# 1. Packages

In [None]:
import pandas as pd
from sklearn.model_selection import train_test_split
from sklearn.metrics import roc_auc_score, accuracy_score
import matplotlib.pyplot as plt
import lightgbm as lgb
import numpy as np
import seaborn as sns
import os

In [None]:
import warnings
warnings.filterwarnings("ignore")

# 2.Data

In [None]:
df = pd.read_csv("../input/bank-marketing/bank-additional-full.csv", delimiter=';')
df.head()

In [None]:
y= (df['y'] == 'yes')*1
df.drop('y', axis=1, inplace = True)

In [None]:
df.tail()

In [None]:
df.info()

In [None]:
df.columns

In [None]:
print(df.head())

In [None]:
df.isnull().sum()

In [None]:
df.describe()

In [None]:
df['age'].unique()

# 3. EDA

In [None]:
sns.distplot(df['age'], hist=True, kde=True, 
             bins=int(180/5), color = 'blue',
             hist_kws={'edgecolor':'black'})

In [None]:
sns.countplot(x='duration',data=df)

In [None]:
sns.countplot(x='cons.price.idx',data=df)

In [None]:
sns.countplot(x='emp.var.rate',data=df)

In [None]:
sns.countplot(y='cons.conf.idx',data=df)

In [None]:
sns.countplot(x='euribor3m',data=df)

In [None]:
sns.lmplot( x="age", y="previous", data=df, fit_reg=False, hue='emp.var.rate', legend=False)

In [None]:
sns.lmplot( x="age", y="campaign", data=df, fit_reg=False, hue='emp.var.rate', legend=False)

In [None]:
sns.lmplot( x="age", y="cons.conf.idx", data=df, fit_reg=False, hue='emp.var.rate', legend=False)

In [None]:
sns.jointplot(x='campaign',y='age',data=df)

In [None]:
sns.stripplot(y='campaign',x='age',data=df,jitter=False)

In [None]:
plt.subplots(figsize=(12,12))
sns.heatmap(df.corr(), annot=True)
plt.show()

# 4. Categorical ----> Nümerical


In [None]:
from sklearn.preprocessing import LabelEncoder

categorical_column = ['job', 'marital', 'education', 'default', 'housing', 'loan', 'contact', 'month',
                      'day_of_week', 'poutcome']
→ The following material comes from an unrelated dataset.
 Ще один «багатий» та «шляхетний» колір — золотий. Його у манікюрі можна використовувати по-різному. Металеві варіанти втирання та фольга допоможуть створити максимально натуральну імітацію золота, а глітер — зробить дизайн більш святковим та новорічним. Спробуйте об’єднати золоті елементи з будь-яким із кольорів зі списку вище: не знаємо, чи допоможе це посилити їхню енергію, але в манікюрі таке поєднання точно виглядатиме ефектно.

for i in categorical_column:
    le = LabelEncoder()
    df[i] = le.fit_transform(df[i])
print(df.head())

In [None]:
df.drop('duration', inplace = True, axis=1)
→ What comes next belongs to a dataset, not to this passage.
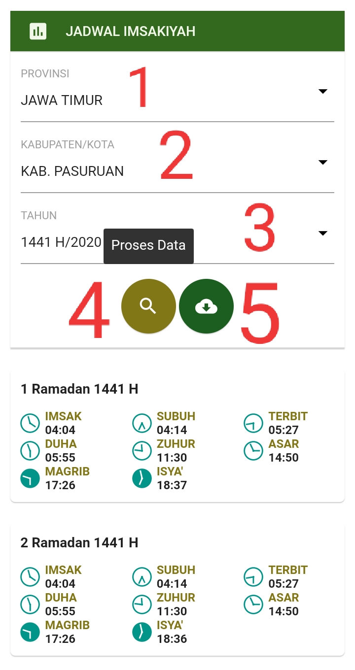 Kedua pilih propinsi, kabupaten dan tahun hijriah/masehi

# 5. Split and Create Datasets for LightGBM

In [None]:

df_train, df_test, y_train, y_test = train_test_split(df, y, train_size = 0.7, test_size = 0.3)

In [None]:
lgb_train = lgb.Dataset(data=df_train, label=y_train,  free_raw_data=False)

In [None]:
# Categorical index
categorical_index = [1,2,3,4,5,6,7,8,9,13]
print('Categorical parametres: ' + str(df_train.columns[categorical_index].values))

# 6. Determine training parametres

In [None]:
#Creat Evaluation Dataset 
lgb_eval = lgb.Dataset(data=df_test, label=y_test, reference=lgb_train,  free_raw_data=False)

# Determinate training parametres
params = {
    'task': 'train',
    'boosting_type': 'gbdt',
    'objective': 'binary',
    'metric': 'auc',
    'num_leaves': 31,
    'learning_rate': 0.05,
    'verbose': -1
}

# 7. Training Model

In [None]:

evals_result={}
gbm = lgb.train(params,
                lgb_train,
                valid_sets = lgb_eval,
                categorical_feature = categorical_index,
                num_boost_round= 150,
                early_stopping_rounds= 25,
                evals_result=evals_result)


# 8. Prediction and Evaluation


In [None]:
y_pred = gbm.predict(df_test, num_iteration=gbm.best_iteration)

print('The Best iteration: ', gbm.best_iteration)
print('roc_auc_score:', roc_auc_score(y_test, y_pred))
print('accuracy_score:', accuracy_score(y_test, ( y_pred>= 0.5)*1))

In [None]:
ax = lgb.plot_metric(evals_result, metric='auc')
ax.set_title('Variation of the Curved Area According to Iteration')
ax.set_xlabel('İteration')
ax.set_ylabel('roc_auc_score')
ax.legend_.remove()

In [None]:
ax = lgb.plot_importance(gbm, max_num_features=10)
ax.set_title('The values of Parametres')
ax.set_xlabel('Values')
ax.set_ylabel('Parametres')